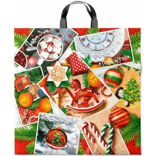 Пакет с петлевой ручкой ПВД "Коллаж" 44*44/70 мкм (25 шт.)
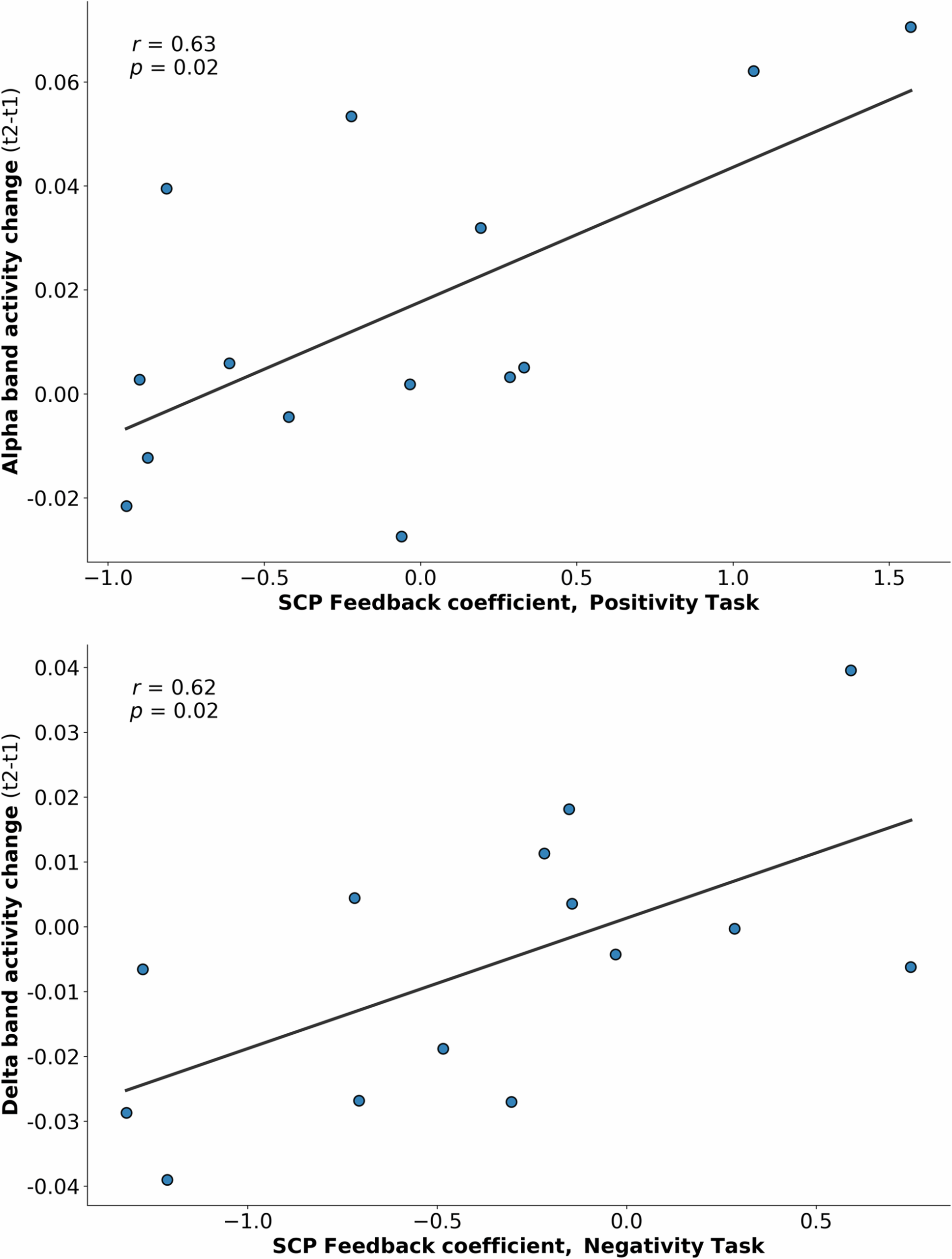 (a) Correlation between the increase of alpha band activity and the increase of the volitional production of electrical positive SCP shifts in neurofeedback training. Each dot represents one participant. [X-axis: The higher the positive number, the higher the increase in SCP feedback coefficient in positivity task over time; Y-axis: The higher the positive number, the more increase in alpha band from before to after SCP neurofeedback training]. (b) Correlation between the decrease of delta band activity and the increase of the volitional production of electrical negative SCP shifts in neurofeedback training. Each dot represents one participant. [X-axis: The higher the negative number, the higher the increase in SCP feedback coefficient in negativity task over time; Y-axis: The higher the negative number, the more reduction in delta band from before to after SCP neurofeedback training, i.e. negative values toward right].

^^^^

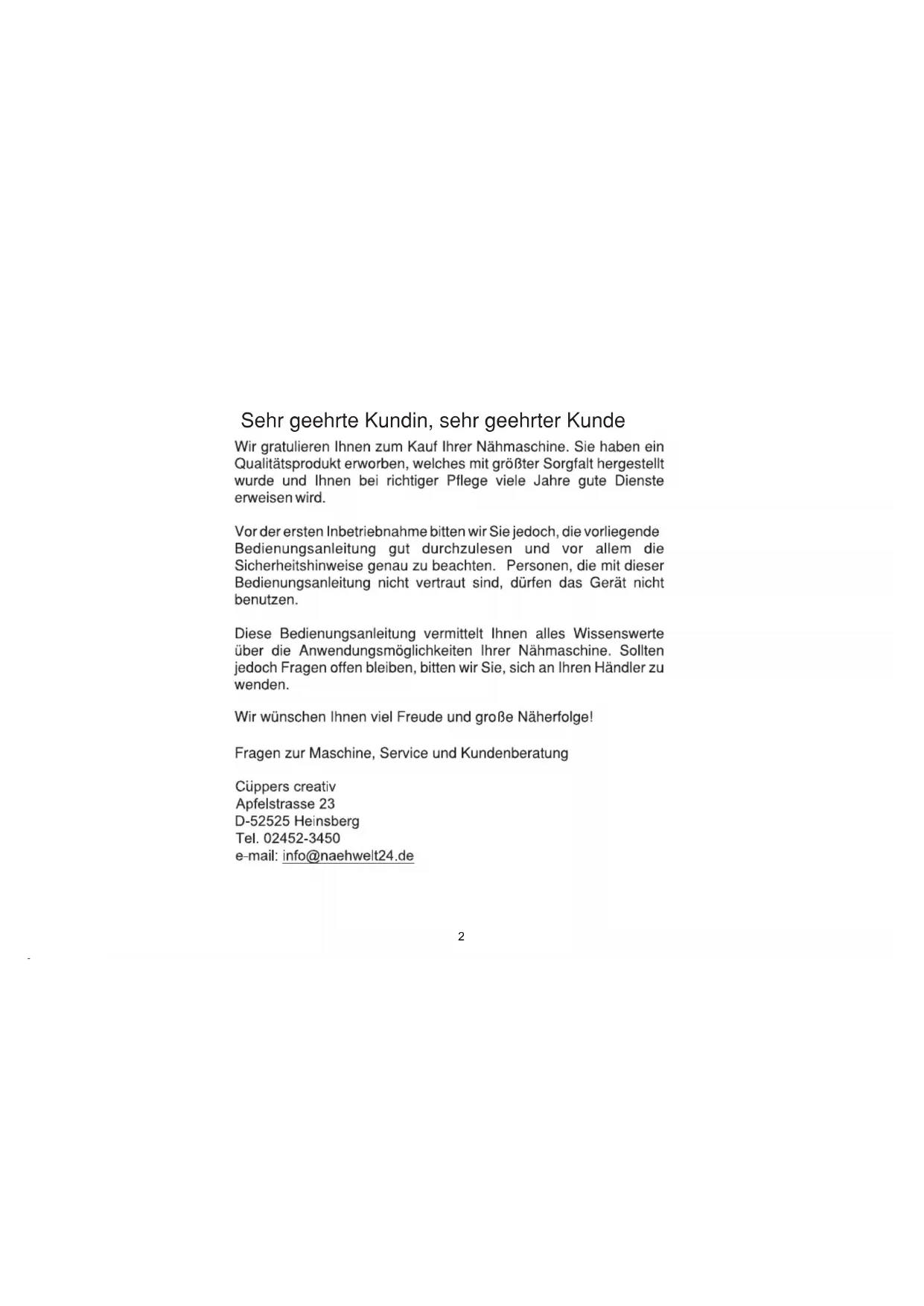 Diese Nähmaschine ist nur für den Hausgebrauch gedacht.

^^^^

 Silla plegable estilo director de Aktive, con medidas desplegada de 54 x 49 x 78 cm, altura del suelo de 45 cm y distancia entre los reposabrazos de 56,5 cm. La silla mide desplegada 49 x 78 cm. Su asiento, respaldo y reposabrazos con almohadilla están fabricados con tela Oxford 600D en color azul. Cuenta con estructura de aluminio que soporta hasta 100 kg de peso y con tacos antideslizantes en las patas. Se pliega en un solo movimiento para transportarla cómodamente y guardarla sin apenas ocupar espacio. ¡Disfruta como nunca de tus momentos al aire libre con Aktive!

^^^^

* **Required work**:
Output exactly the lines above that lie between the line with "Пакет с петлевой" and the line with "(a) Correlation between", those two lines included, and no pictures.

* **Response box**:
 Пакет с петлевой ручкой ПВД "Коллаж" 44*44/70 мкм (25 шт.)
 (a) Correlation between the increase of alpha band activity and the increase of the volitional production of electrical positive SCP shifts in neurofeedback training. Each dot represents one participant. [X-axis: The higher the positive number, the higher the increase in SCP feedback coefficient in positivity task over time; Y-axis: The higher the positive number, the more increase in alpha band from before to after SCP neurofeedback training]. (b) Correlation between the decrease of delta band activity and the increase of the volitional production of electrical negative SCP shifts in neurofeedback training. Each dot represents one participant. [X-axis: The higher the negative number, the higher the increase in SCP feedback coefficient in negativity task over time; Y-axis: The higher the negative number, the more reduction in delta band from before to after SCP neurofeedback training, i.e. negative values toward right].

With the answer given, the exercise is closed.